## [Task statement]
No pictures belong in the copy. Retype exactly, and only, the stretch of lines below from the one with "音源を繰り返したい場合はLoopにチェックを入れて下さい。" through the one with "Душевая система AM.PM".

## [Supplied material]

:::

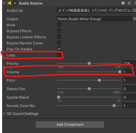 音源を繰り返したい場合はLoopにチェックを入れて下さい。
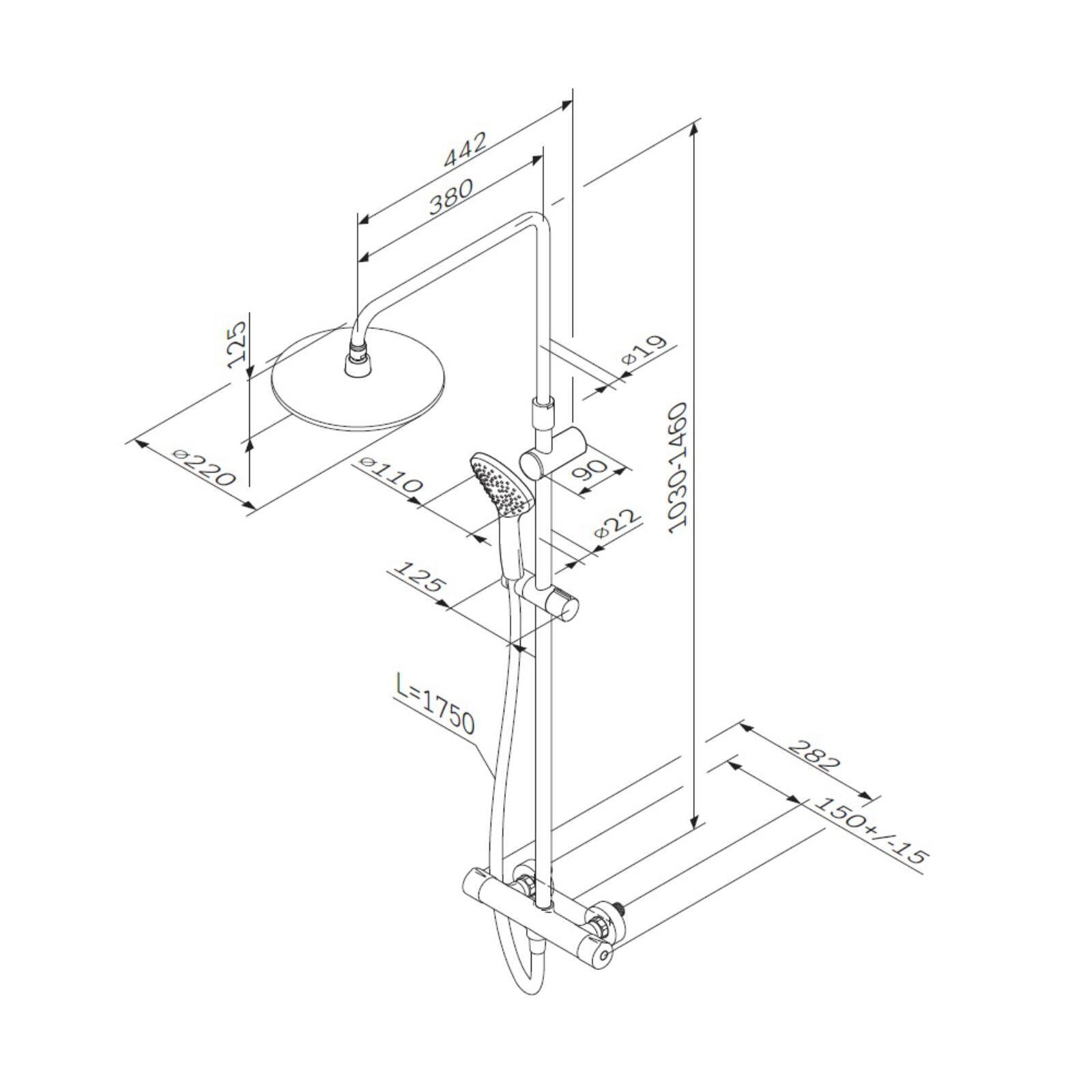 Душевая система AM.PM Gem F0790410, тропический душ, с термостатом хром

:::

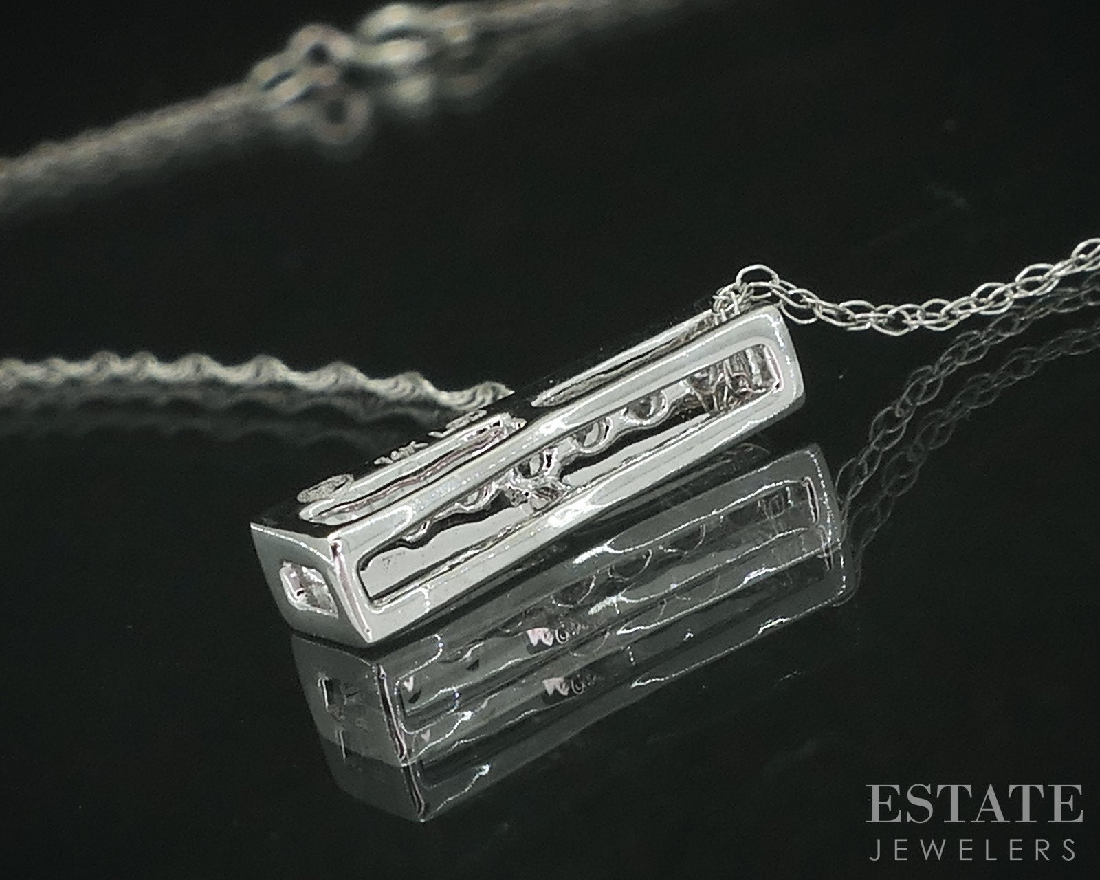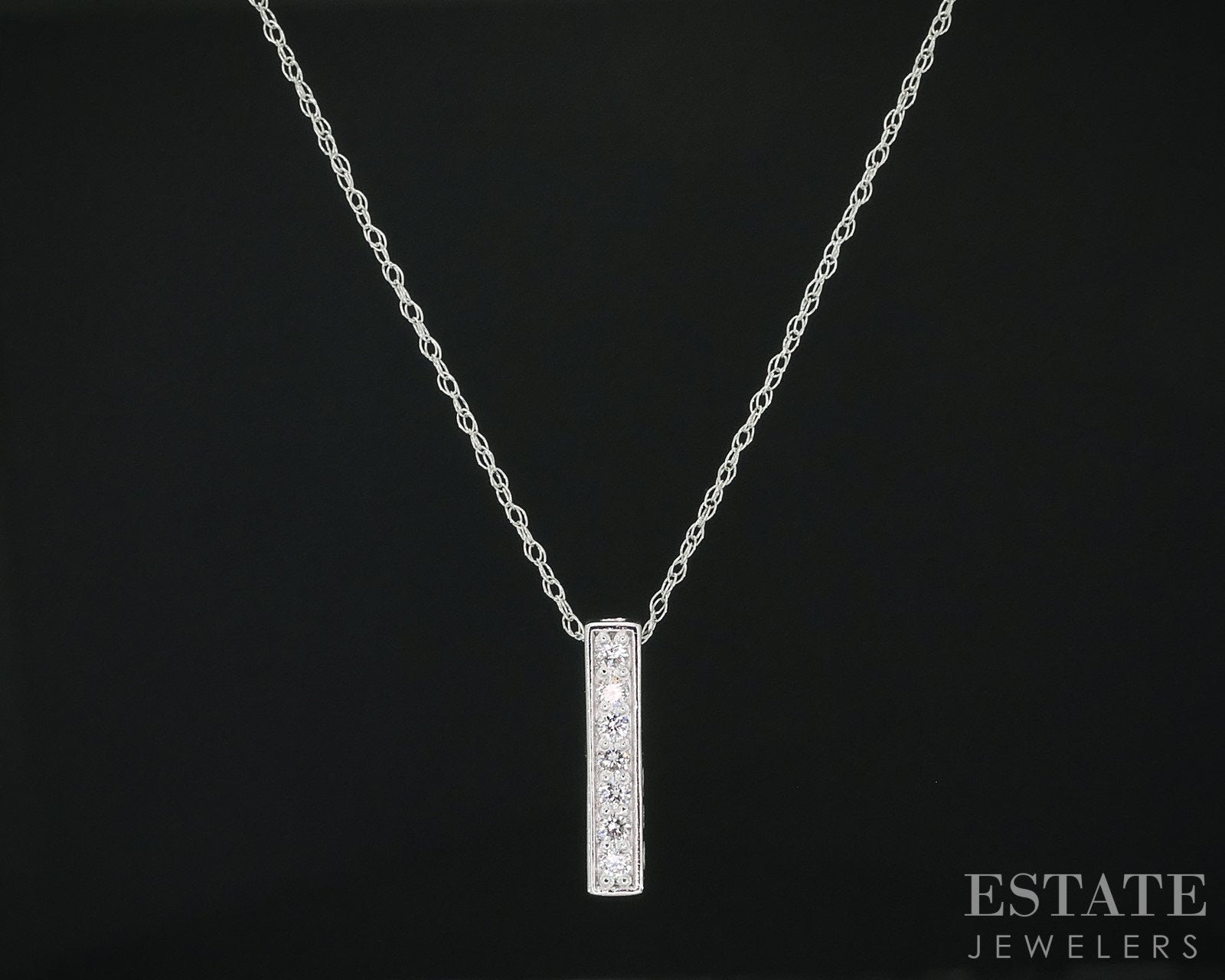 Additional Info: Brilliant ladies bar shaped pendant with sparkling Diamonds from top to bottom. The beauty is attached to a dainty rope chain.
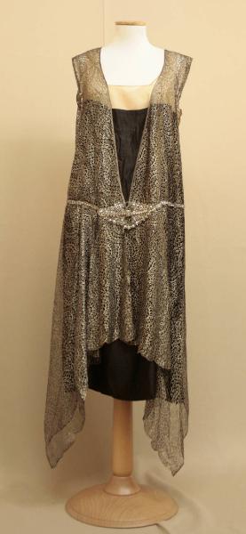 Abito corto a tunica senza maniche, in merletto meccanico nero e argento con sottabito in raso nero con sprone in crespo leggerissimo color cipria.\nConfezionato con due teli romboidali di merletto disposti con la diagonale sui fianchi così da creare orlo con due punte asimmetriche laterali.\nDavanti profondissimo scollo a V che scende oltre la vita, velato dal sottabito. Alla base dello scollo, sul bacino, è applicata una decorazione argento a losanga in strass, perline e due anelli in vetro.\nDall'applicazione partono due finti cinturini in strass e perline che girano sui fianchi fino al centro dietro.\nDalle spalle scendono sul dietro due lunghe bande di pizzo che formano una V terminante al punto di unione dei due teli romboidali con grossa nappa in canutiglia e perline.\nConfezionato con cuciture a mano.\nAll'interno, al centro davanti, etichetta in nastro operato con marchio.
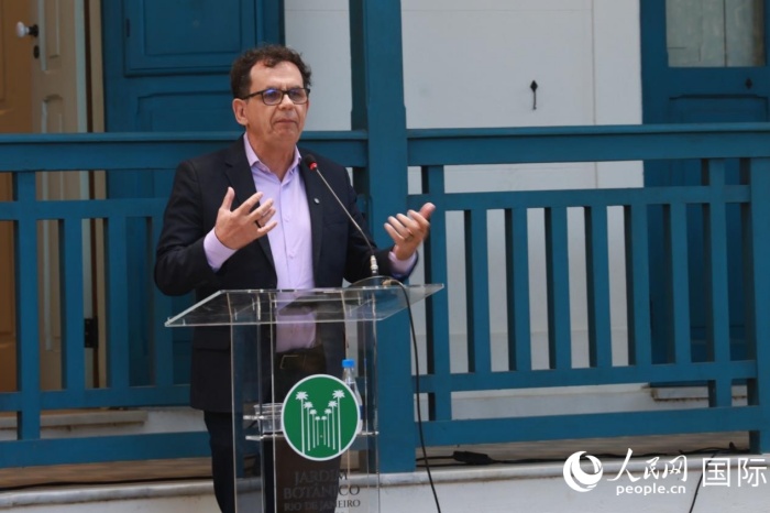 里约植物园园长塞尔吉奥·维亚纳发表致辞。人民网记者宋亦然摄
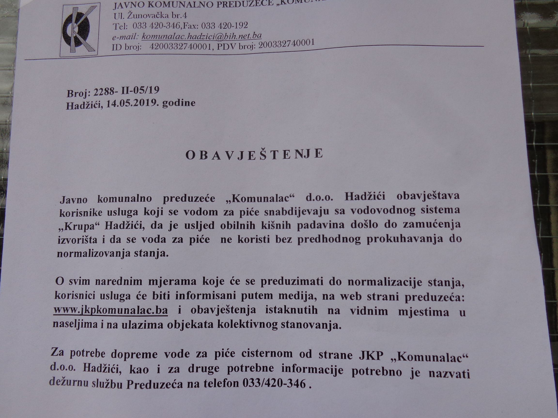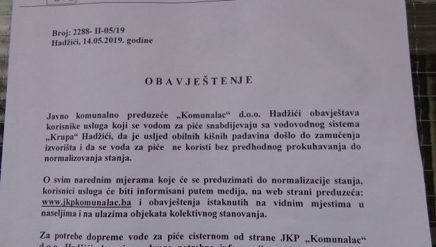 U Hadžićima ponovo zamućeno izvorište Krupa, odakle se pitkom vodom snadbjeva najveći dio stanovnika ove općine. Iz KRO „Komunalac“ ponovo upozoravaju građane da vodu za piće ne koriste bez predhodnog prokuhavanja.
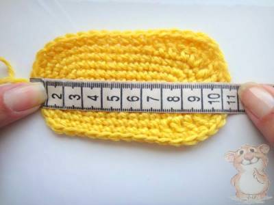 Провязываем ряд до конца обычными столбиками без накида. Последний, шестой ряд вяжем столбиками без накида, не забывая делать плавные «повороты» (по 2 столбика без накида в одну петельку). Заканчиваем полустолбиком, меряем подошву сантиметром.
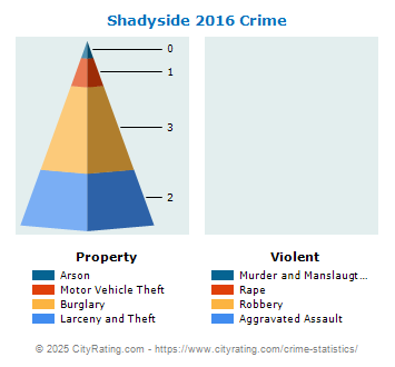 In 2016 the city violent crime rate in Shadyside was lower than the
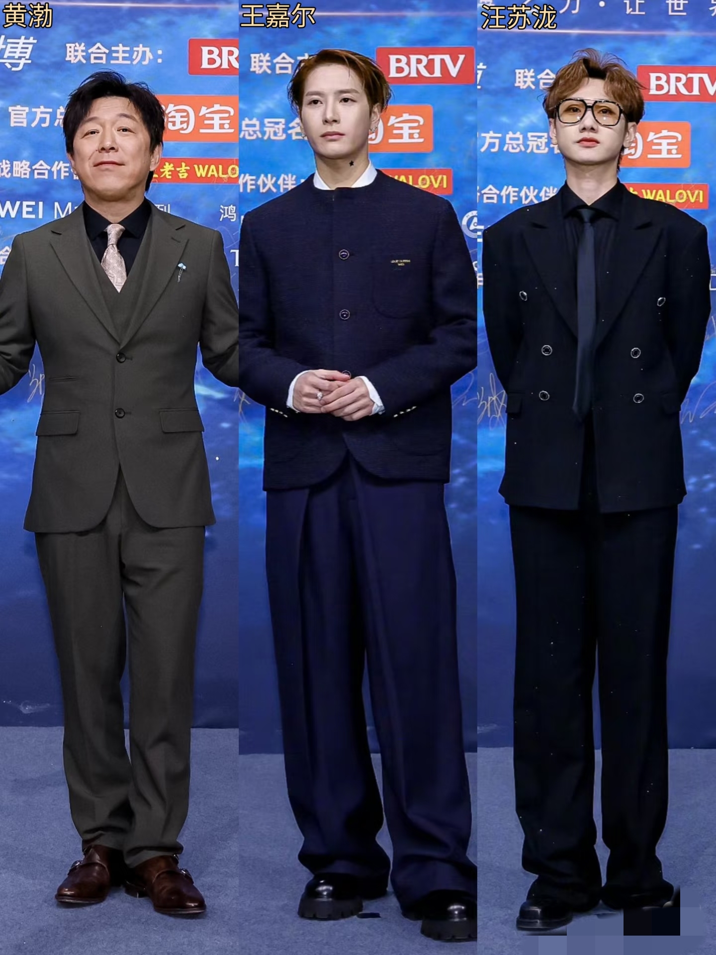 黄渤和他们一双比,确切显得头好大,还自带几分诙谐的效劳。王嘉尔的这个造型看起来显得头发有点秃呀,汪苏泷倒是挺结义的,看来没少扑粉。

:::

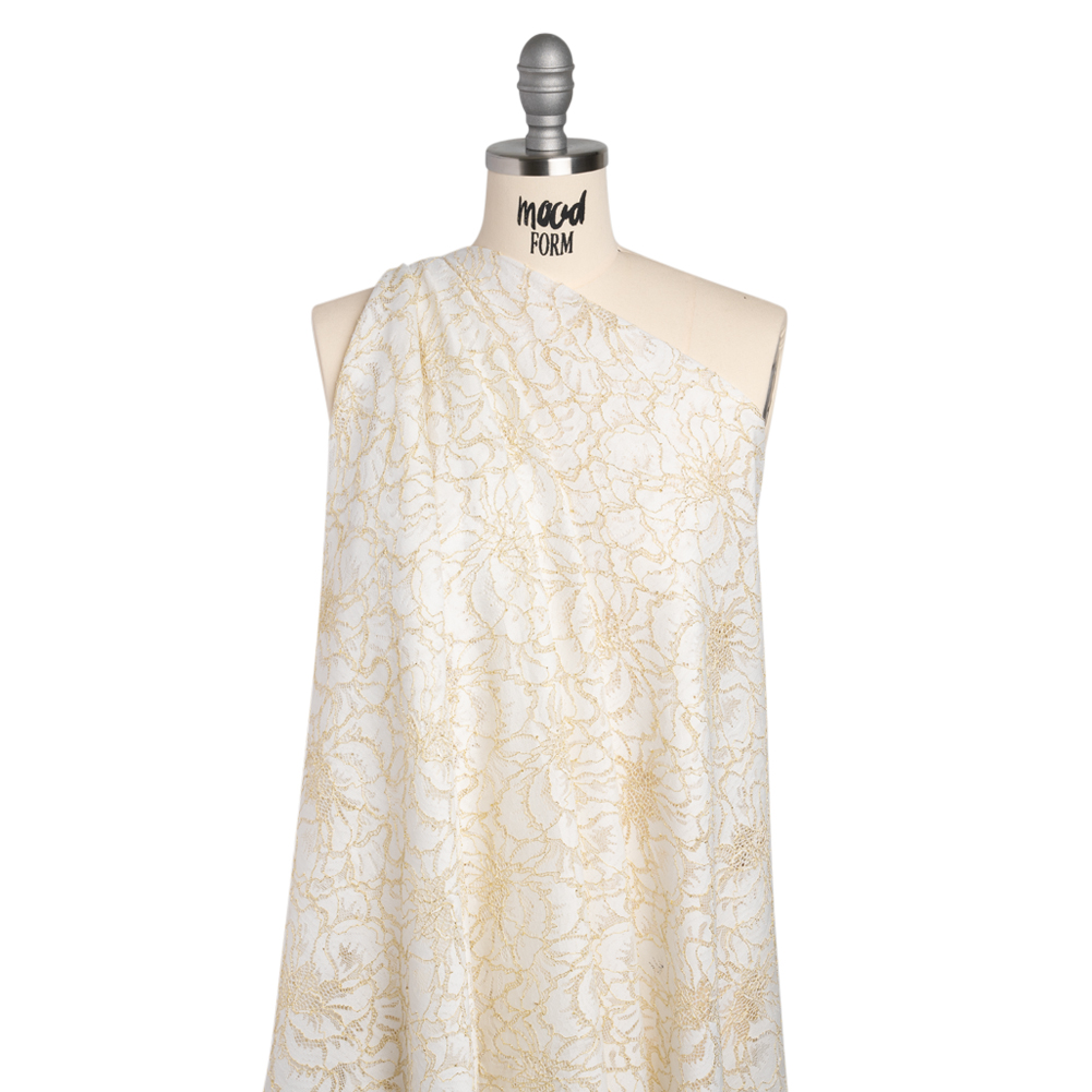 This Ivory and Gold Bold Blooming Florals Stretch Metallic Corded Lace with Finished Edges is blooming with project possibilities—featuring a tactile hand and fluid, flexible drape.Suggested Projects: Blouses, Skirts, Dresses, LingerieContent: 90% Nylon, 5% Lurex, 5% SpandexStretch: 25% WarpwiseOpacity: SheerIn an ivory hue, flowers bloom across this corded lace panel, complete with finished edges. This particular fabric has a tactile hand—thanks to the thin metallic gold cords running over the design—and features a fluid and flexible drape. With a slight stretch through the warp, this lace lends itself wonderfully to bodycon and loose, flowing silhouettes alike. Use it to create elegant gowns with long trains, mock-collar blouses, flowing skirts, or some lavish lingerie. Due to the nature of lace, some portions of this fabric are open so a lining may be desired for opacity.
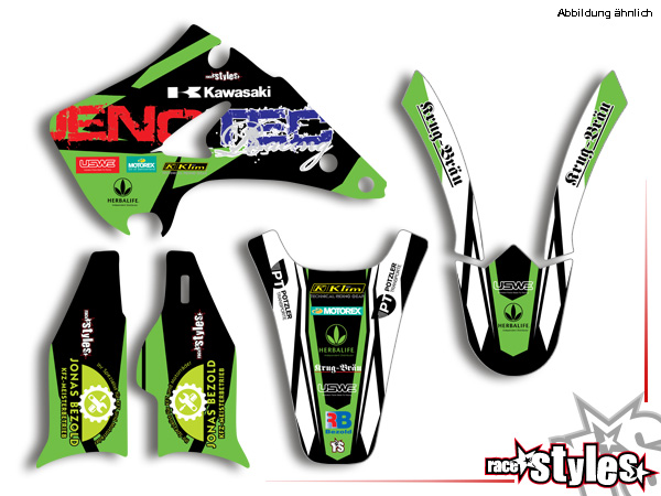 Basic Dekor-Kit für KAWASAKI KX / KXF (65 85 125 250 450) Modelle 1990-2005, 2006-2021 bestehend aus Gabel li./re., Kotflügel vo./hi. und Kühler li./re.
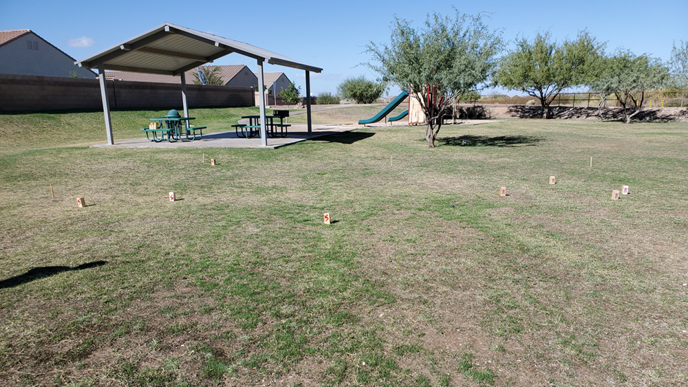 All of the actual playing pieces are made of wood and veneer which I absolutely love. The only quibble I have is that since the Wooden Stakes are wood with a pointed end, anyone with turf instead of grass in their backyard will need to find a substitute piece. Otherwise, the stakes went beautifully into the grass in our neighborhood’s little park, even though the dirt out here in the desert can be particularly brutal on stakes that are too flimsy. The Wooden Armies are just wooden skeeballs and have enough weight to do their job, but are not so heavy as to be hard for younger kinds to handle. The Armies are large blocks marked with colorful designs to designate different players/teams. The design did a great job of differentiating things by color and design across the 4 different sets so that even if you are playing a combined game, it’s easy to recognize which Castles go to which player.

:::

## [Solved problem]
 音源を繰り返したい場合はLoopにチェックを入れて下さい。
 Душевая система AM.PM Gem F0790410, тропический душ, с термостатом хром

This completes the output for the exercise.